Santander has closed another chapter in the troubled history of its subprime auto-lending arm in the US, agreeing to pay its former chief executive more than $700 million in an exit deal over two years in the making.
In a regulatory filing the Madrid-based bank said it had come to an agreement with Thomas Dundon, who left Santander Consumer in July 2015, at a time of heightened tensions with regulators. Back then, the bank said it would pay him almost a billion dollars in severance and in compensation for his near-10 per cent stake in the Dallas-based subsidiary.

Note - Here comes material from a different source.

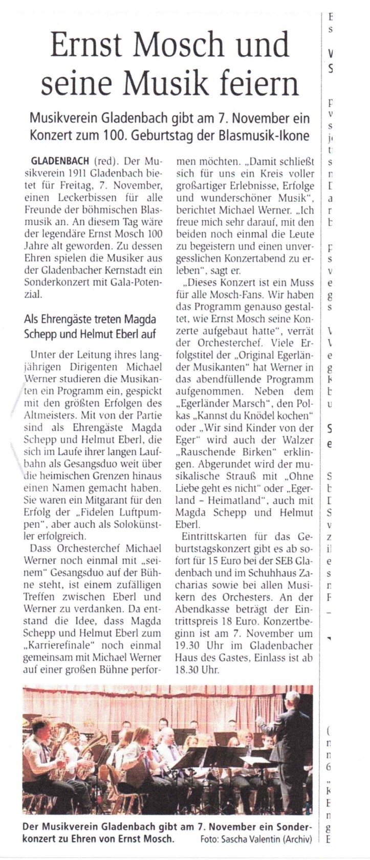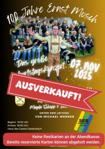 Am 7. November wäre Ernst Mosch 100 Jahre alt geworden. Ein guter Grund, sein musikalisches Leben zu feiern. Mit einem großen Konzert am 7. November im Haus des Gastes in Gladenbach würdigen wir seine Erfolge und sein Leben.

The bank has now agreed a slightly smaller exit package with Mr Dundon (46) who founded the company in 1995. He receives $942 million for his stock and $66 million in severance, down $50 million from the original deal.
Mr Dundon, in turn, has agreed to repay a $290 million loan to the company, plus interest of $5 million, bringing his net proceeds to $713 million, before taxes.
Declined to comment
A spokesperson declined to comment on the reasons for the delay in finalising the terms of Mr Dundon’s payout, or the $50 million reduction from the original deal. She noted that the former chief executive and chairman had agreed to extend a commitment not to compete with, or hire anyone from, Santander Consumer until 2019.
Governance glitches in the US have long been a headache for Ana Botín, executive chairman of Santander, who vowed to get a better grip on the entire North American business after taking over the top job at Spain’s biggest bank from her late father in 2014.
In June last year, Santander Consumer’s parent, Santander Holdings USA, set an unenviable record by becoming the first bank to fail the stress test carried out by the Federal Reserve for a third year in a row.